# Instructions for the task:
Look below for the line containing "Cette étiquette de" and the line containing "Ο πρόεδρος της", then set down both and every line between them exactly, without pictures.

# Material to process:
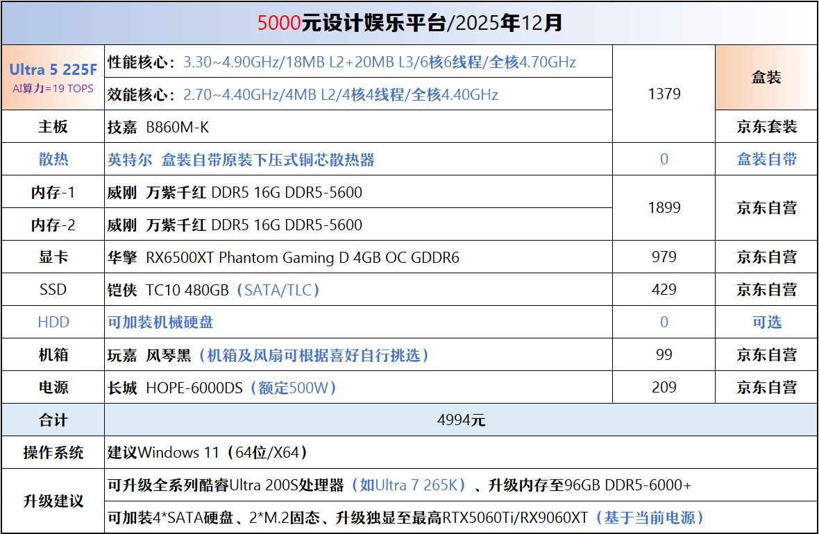 Q:您好,近期想装一台电脑,主要用于日常抖音、快手平台的短视频制作,闲暇时间也会打打大型单机游戏,预算不超过5000元。配件务必有质量保障,希望从京东自营平台购买,并且配件需要来自一线大品牌,不需要光,内存最好是32GB,存储空间尽量1TB,处理器选择英特尔这边的新产品。
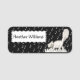 Cette étiquette de nom est noire avec des notes de musique blanches et un chat en train de se balader sur le dessus des touches de piano. Customisez votre nom avec le modèle dans le cadre blanc ondulé.
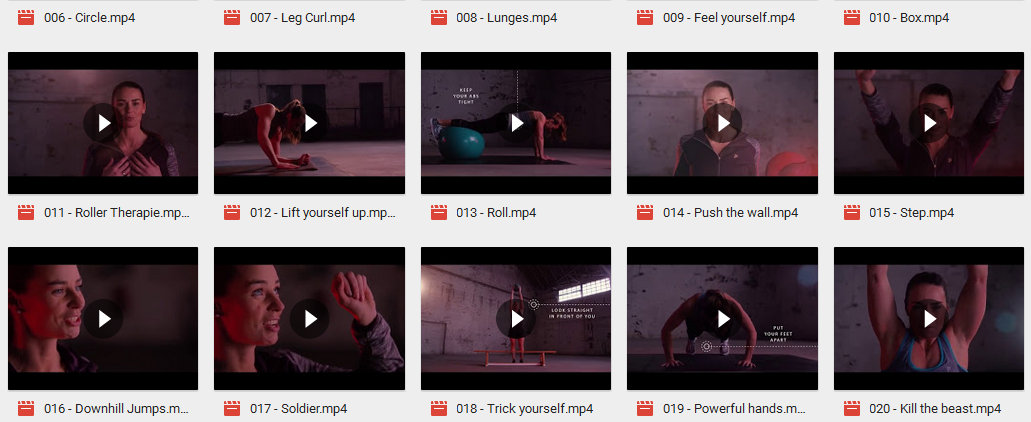 Полезно и красиво, но очень уж коротко. Секунды. Э! (Ссылку я не стану публиковать, скажу только, что названия файлов тождественны, меняется только соотв. номер). Когда все будет завершено я, кхе, опубликую эту «видеогалерею». На одном из облаков в папочке эти видяшки копятся. Дело в том, что это действительно вдохновляющие физкультурные видео.. А вдруг завтра Тина поссорится с Филой, и эту красоту изымут из эфира? Столько полезного пропадает из инета по разным причинам, так что лучше все бэкапить.
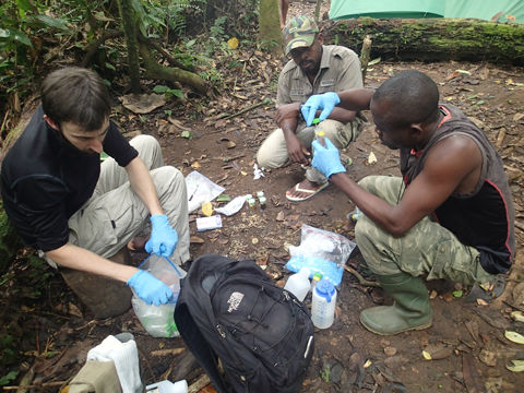 Dr. Katy Gonder and graduate student Paul Sesink Clee processing chimpanzee fecal samples in Lobeke National Park, Cameroon.
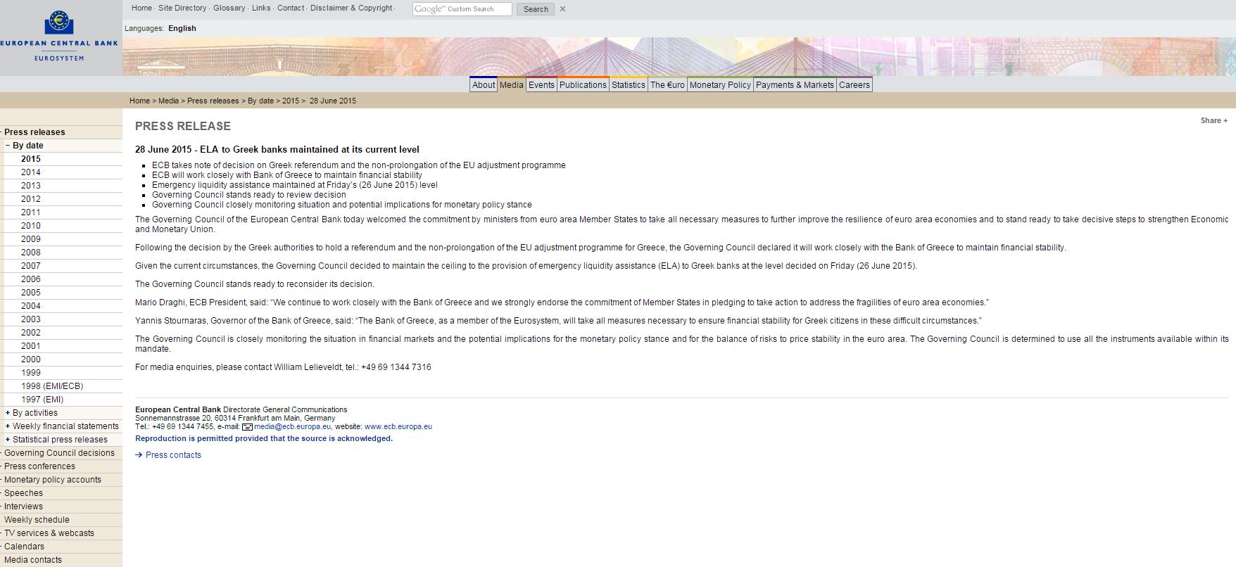 Ο πρόεδρος της ΕΚΤ Μάριο Ντράγκι, δήλωσε: «Συνεχίζουμε να συνεργαζόμαστε στενά με την Τράπεζα της Ελλάδας και υποστηρίζουμε σθεναρά τη δέσμευση των κρατών μελών στην υπόσχεση να αναλάβει δράση για την αντιμετώπιση των αδυναμίες των οικονομιών της ζώνης του ευρώ».
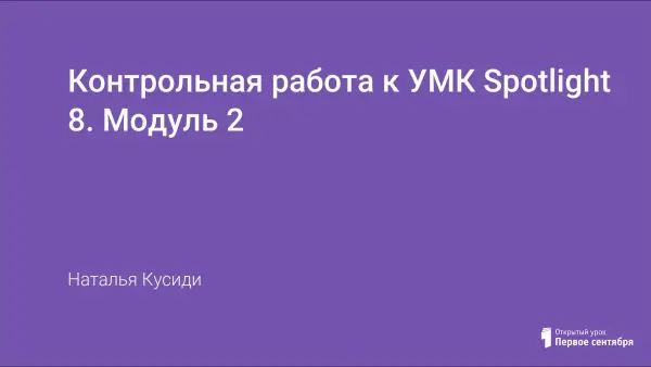 Контрольная работа составлена для учащихся 8-го класса по Модулю 2, учебное пособие Spotlight. Контрольная работа соответствует грамматическому и лексическому материалу модуля и может быть использована для проверки знаний учащихся.
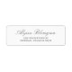 Modern return address labels featuring a simple design with your business name in an elegant grey thin script font and two lines of text for your return address in a serif font, over a white background. These minimalist return address labels are a great way to add a professional touch to your envelopes.
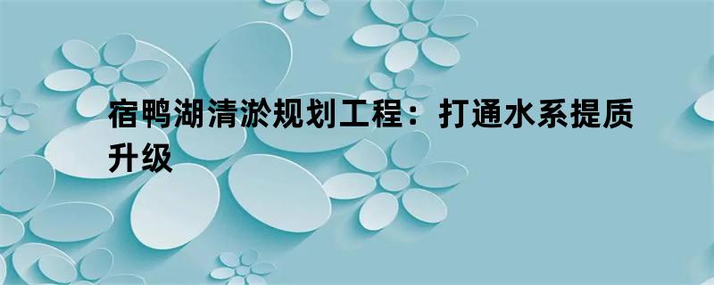 宿鸭湖清淤规划工程:打通水系提质升级
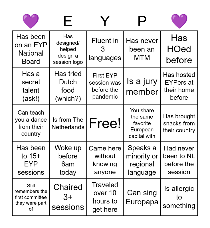 This bingo card has a free space and 24 words: Woke up before 6am today, Chaired 3+ sessions, First EYP session was before the pandemic, Still remembers the first committee they were part of, Has HOed before, Has been on an EYP National Board, Has a secret talent (ask!), Has designed/ helped design a session logo, You share the same favorite European capital with, Came here without knowing anyone, Is a jury member, Can teach you a dance from their country, Speaks a minority or regional language, Had never been to NL before the session, Has tried Dutch food (which?), Can sing Europapa, Has brought snacks from their country, Fluent in 3+ languages, Has hosted EYPers at their home before, Is from The Netherlands, Is allergic to something, Has been to 15+ EYP sessions, Has never been an MTM and Traveled over 10 hours to get here.
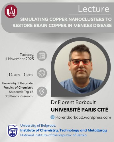 Институт за хемију, технологију и металургију Универзитета у Београду има задовољство да најави научно предавање које ће одржати проф. Флорент Барбо, Градски универзитет у Паризу (Université Paris Cité).
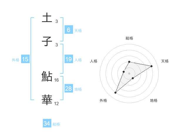 土子 鮎華さんを姓名の画数から五運を鑑定
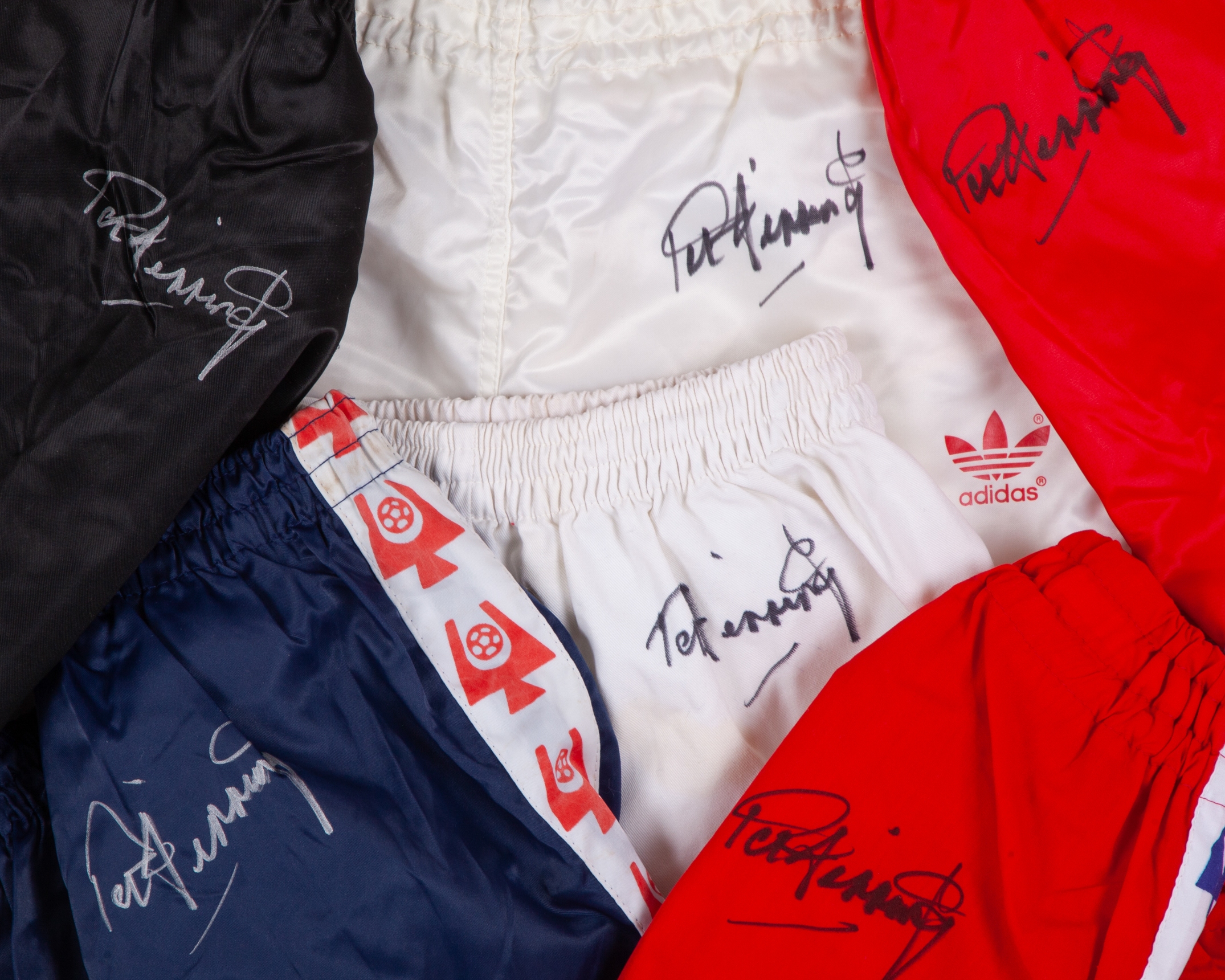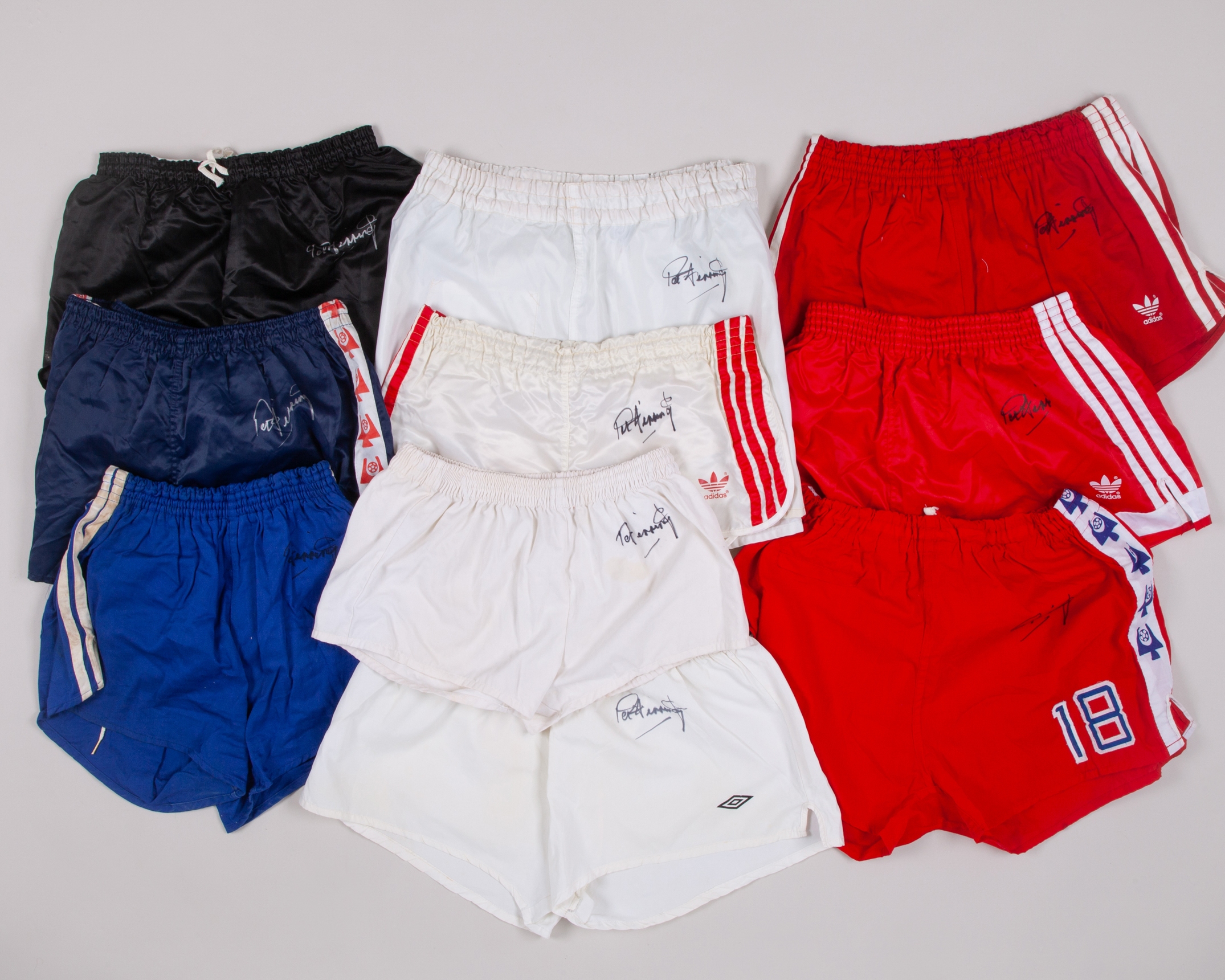 Pat Jennings ten various autographed pairs of shorts, comprising three red, three white, two blue and pair of black, with Pat Jennings Collection autographed COA, (10)
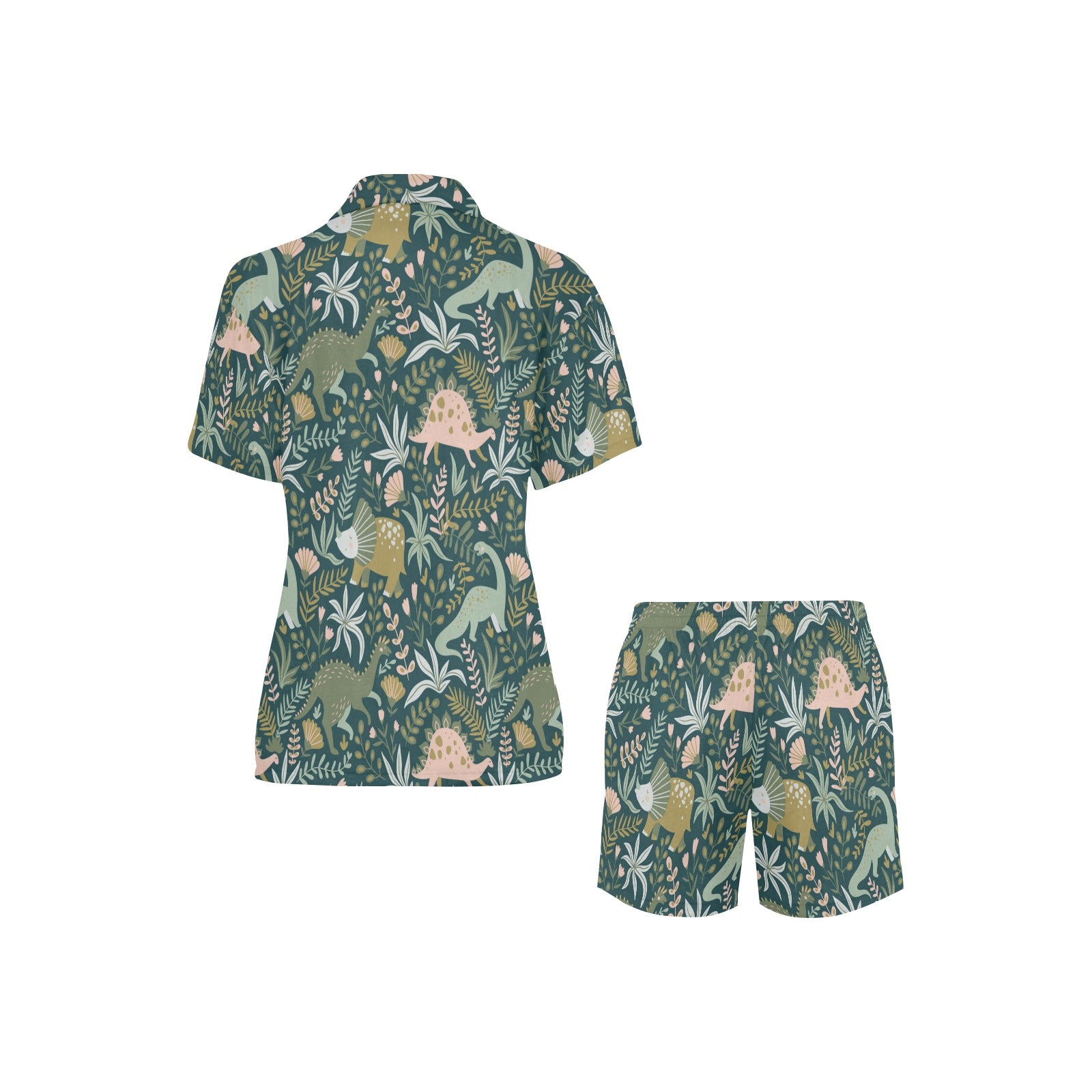dinosaurs tropical leaves flower pattern Women's V-Neck Short Pajama Set

# Exercise output:
 Cette étiquette de nom est noire avec des notes de musique blanches et un chat en train de se balader sur le dessus des touches de piano. Customisez votre nom avec le modèle dans le cadre blanc ondulé.
 Полезно и красиво, но очень уж коротко. Секунды. Э! (Ссылку я не стану публиковать, скажу только, что названия файлов тождественны, меняется только соотв. номер). Когда все будет завершено я, кхе, опубликую эту «видеогалерею». На одном из облаков в папочке эти видяшки копятся. Дело в том, что это действительно вдохновляющие физкультурные видео.. А вдруг завтра Тина поссорится с Филой, и эту красоту изымут из эфира? Столько полезного пропадает из инета по разным причинам, так что лучше все бэкапить.
 Dr. Katy Gonder and graduate student Paul Sesink Clee processing chimpanzee fecal samples in Lobeke National Park, Cameroon.
 Ο πρόεδρος της ΕΚΤ Μάριο Ντράγκι, δήλωσε: «Συνεχίζουμε να συνεργαζόμαστε στενά με την Τράπεζα της Ελλάδας και υποστηρίζουμε σθεναρά τη δέσμευση των κρατών μελών στην υπόσχεση να αναλάβει δράση για την αντιμετώπιση των αδυναμίες των οικονομιών της ζώνης του ευρώ».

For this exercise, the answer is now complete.